Question

I have a GRE question:
How many different 3-digit numbers can be formed, using the digits from 0 to 9 inclusive, if no digit is used more than once?
A 504
B 648
C 729
D 900
E 1,000

Answer 1

Do you think it would be easier to count the number of 3 digit numbers with repeats, or the number of 3 digit numbers with no repeats?

Answer 2

This is actually just a simple permutation task, isn't it?

Answer 3

Including repeats the answer is 1,000
but the question says "no repeats"
Something like 10!/7! is what I figure the answer should be, but given the 5 solutions, only option C comes close.

Answer 4

I see, you can't use 0 as a leading digit, that is what makes it complicated.

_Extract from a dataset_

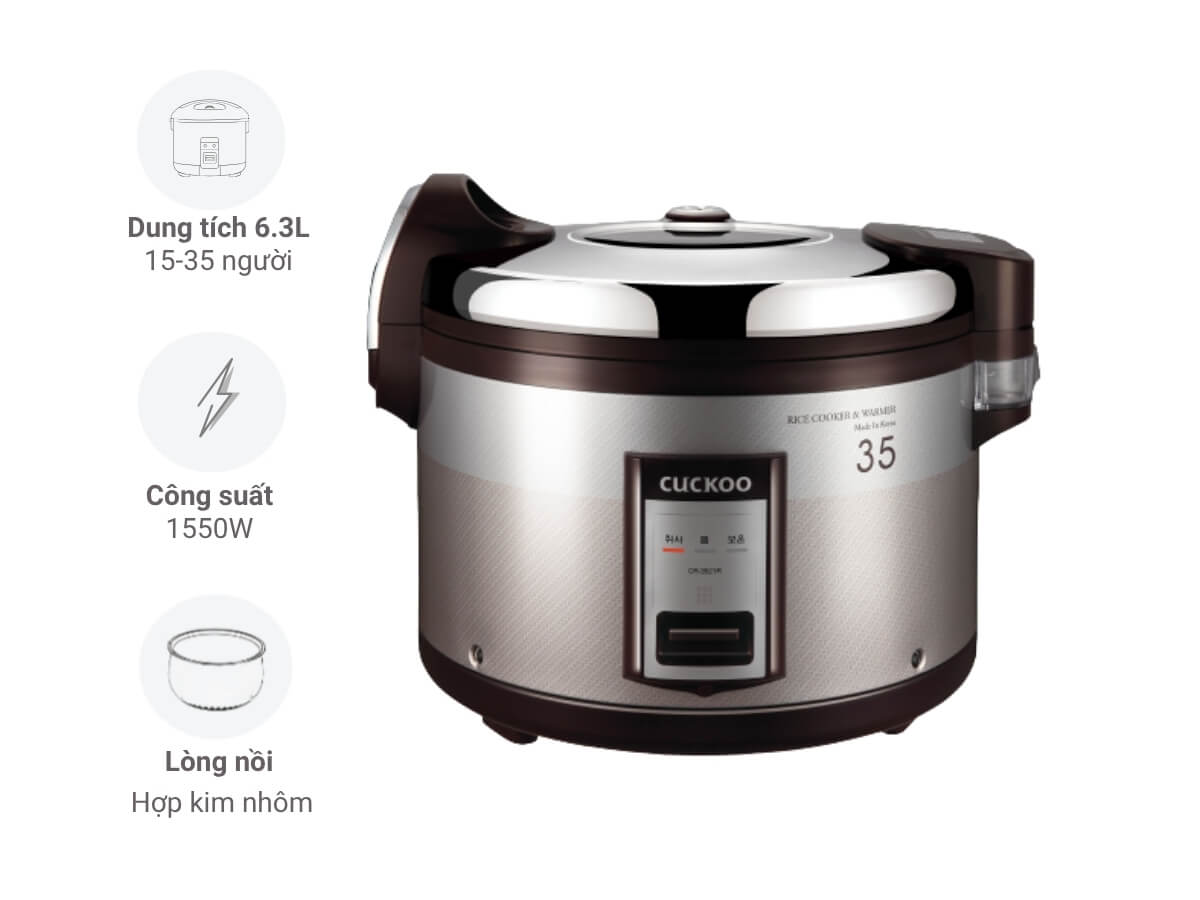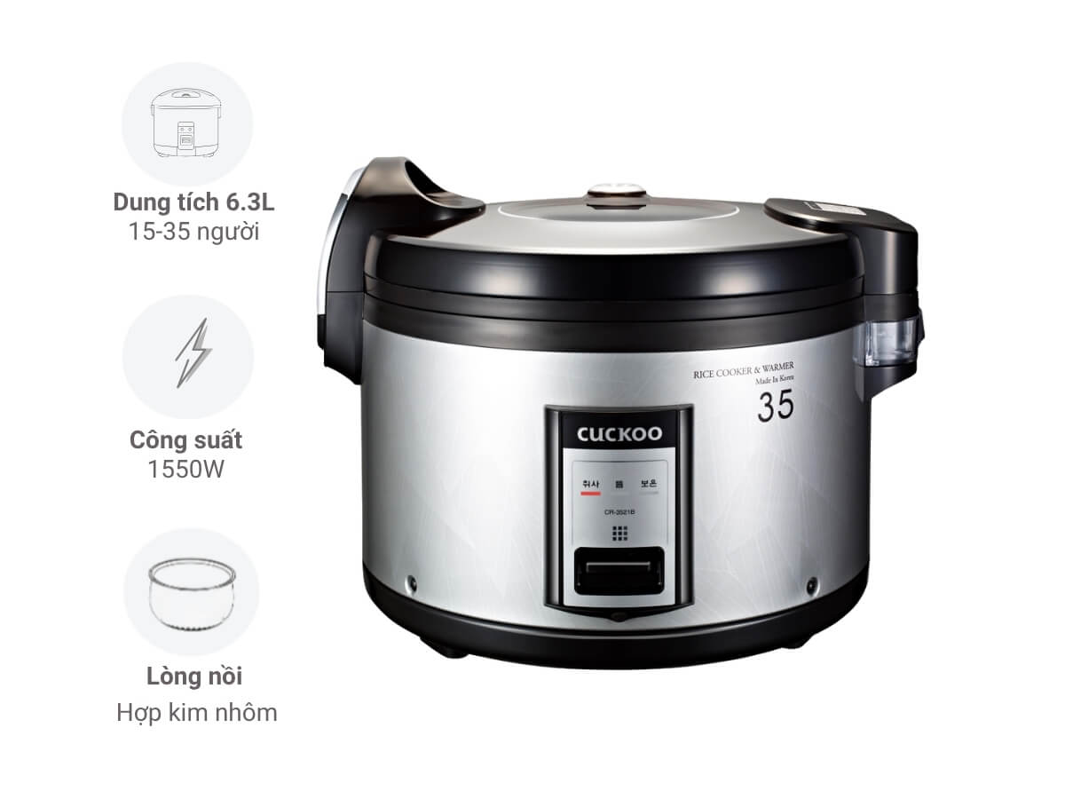 Nồi cơm điện cuckoo CR-3521R với dung tích siêu lớn 6.3 lít, là lựa chọn lý tưởng cho các bếp ăn tập thể như công ty, trường học, nhà hàng (phục vụ 10-35 người). Thiết kế hiện đại, chất liệu vỏ cao cấp và bền bỉ, đảm bảo an toàn cho người dùng trong suốt quá trình sử dụng. Đặc biệt, cơ chế tân tiến gia nhiệt 3d giúp nồi cơm điện nấu cơm chín nhanh, giữ được chất dinh dưỡng. Nồi có 2 chế độ cơ bản: Nấu và Giữ ấm với rơ le tự ngắt tiện lợi.

I would start with 10 P 7, then try to remove the leading 0 numbers.

Answer 5

We know with 10 P 7, we won't have anything like 001, But we will have something like 012

Answer 6

Okay I've been saying 10 P 7, I mean 10 P 3

Answer 7

Assuming the first digit is 0 though, the remaining qualifiers are 9 P 2

Answer 8

So then you have 10 P 3 - 9 P 2 = 10!/7! - 9!/7! =10 * 9!/7! - 9!/7! = 9*9!/7!

Answer 9

@Matt.Mawson I end up getting an answer that is listed.